Роман не перебивал. Он взял у запорожца рог, налил ещё по чарке.
— Людей туманят, слухи всякие возмущающие распускают, — крякнув, продолжал Зозуля. — Батрак мой бывший в селе живет, Неживой Семен. Он меня давно убить намеревался. К пану с поклепом на меня бегал. Там ему сто с гаком отмерили — с месяц чесался. Съел бы меня, будь бы его воля. Но я ему скоро руки укорочу. Дай только узнать что-нибудь достоверно. — Зозуля наклонился и зашептал: — Вчера шел, заглянул в окно, а у него в хате человек десять сидят. Все один в один — бечевкой хлеб режут. Думаете, добро замышляют? Знаю. Сын мой у пана так, как и вы вот, в сотне сторожевой. Завтра должен приехать, всё ему расскажу,
Гайдамаки поддакивали Зозуле, изредка вставляли какое-нибудь слово.
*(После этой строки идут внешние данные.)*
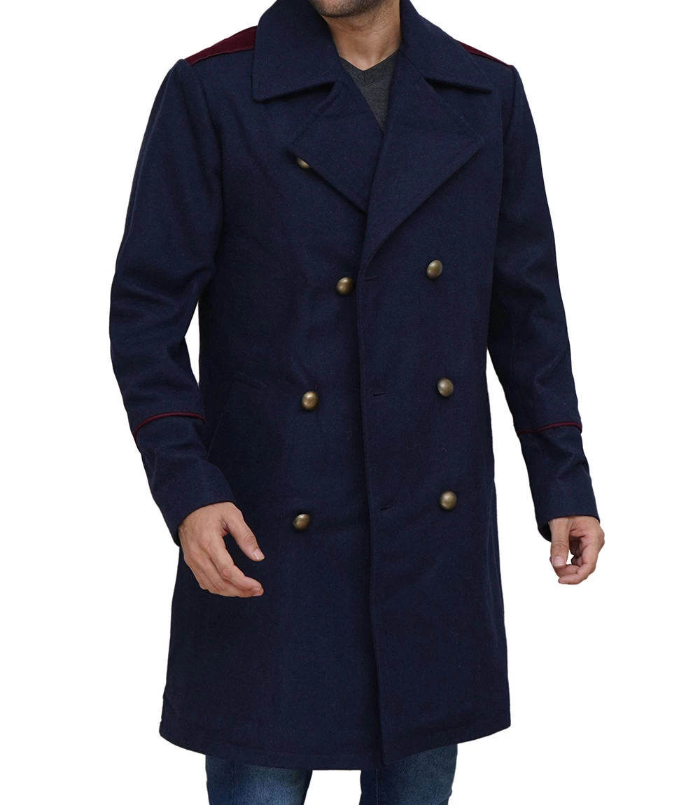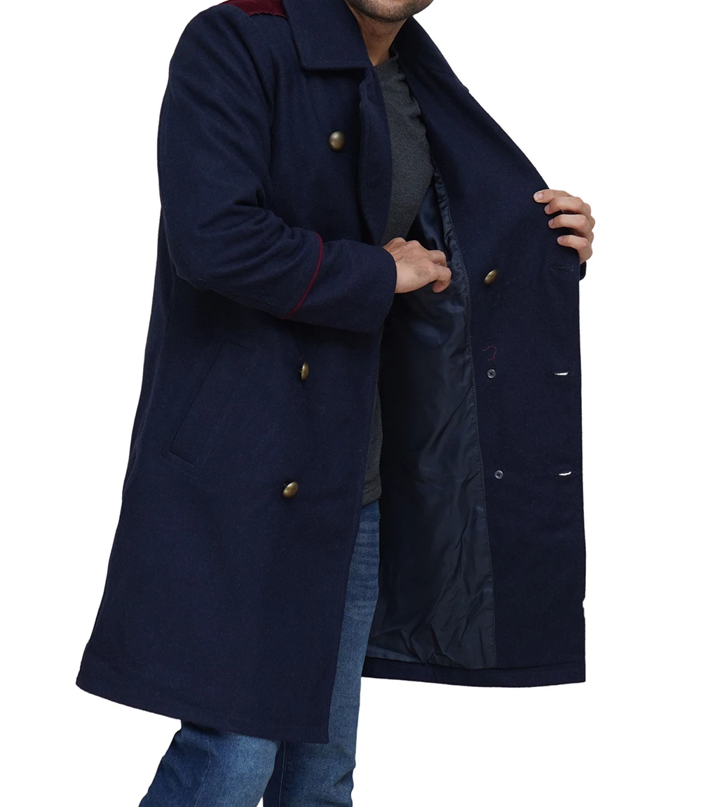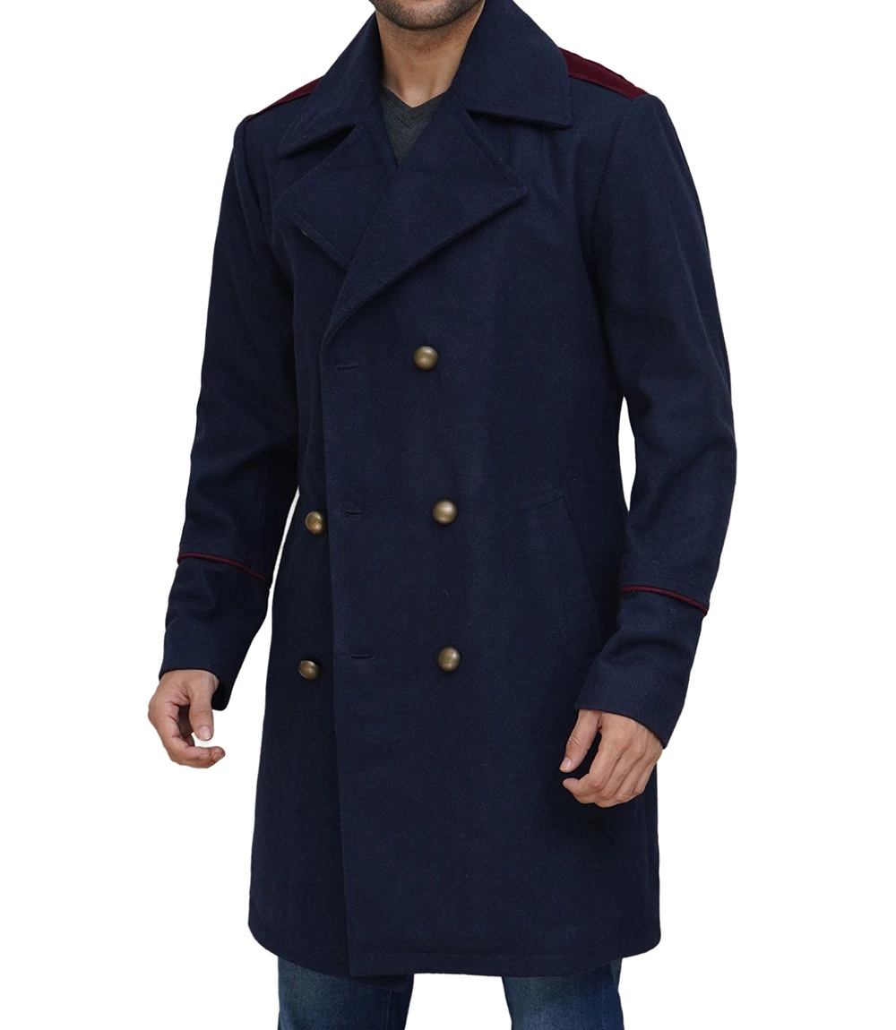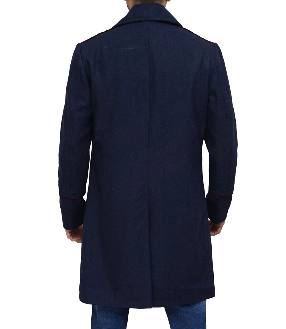 Mens Double Breasted Blue Wool Peacoat

После ужина Роман сказал, будто хочет посмотреть село, и вышел на улицу. Поблизости от Зозулиного двора, спиной к Роману, стояла с ведрами какая-то молодица. Она наклонилась, чтобы зацепить ведра коромыслом, но Роман взял ведра в руки и, взглянув на неё, спросил:
— Куда нести?
Молодица растерянно посмотрела на казака, развела руками:
— Домой, вон моя хата.
Роман пошел рядом с женщиной.
— Муж мне чуба не намнет? — сказал он, поставив ведра у ворот. — Его ещё с поля нет? Это хорошо. Не сердись, я шучу. Скажи лучше, где тут Неживой Семен проживает?
— Тот, что Явдоху держит?
— Не знаю, кого он держит, у гончара он раньше работал.
— Вот там, возле пруда. Вторая хата с того конца.
Роман поблагодарил и пошел от ворот. Через несколько шагов его догнал Микола.
— Чего ты идешь? — обернулся к нему Роман. — Возвращайся назад. Не то гончар, чего доброго, заподозрит ещё. А я к этому Неживому сам наведаюсь.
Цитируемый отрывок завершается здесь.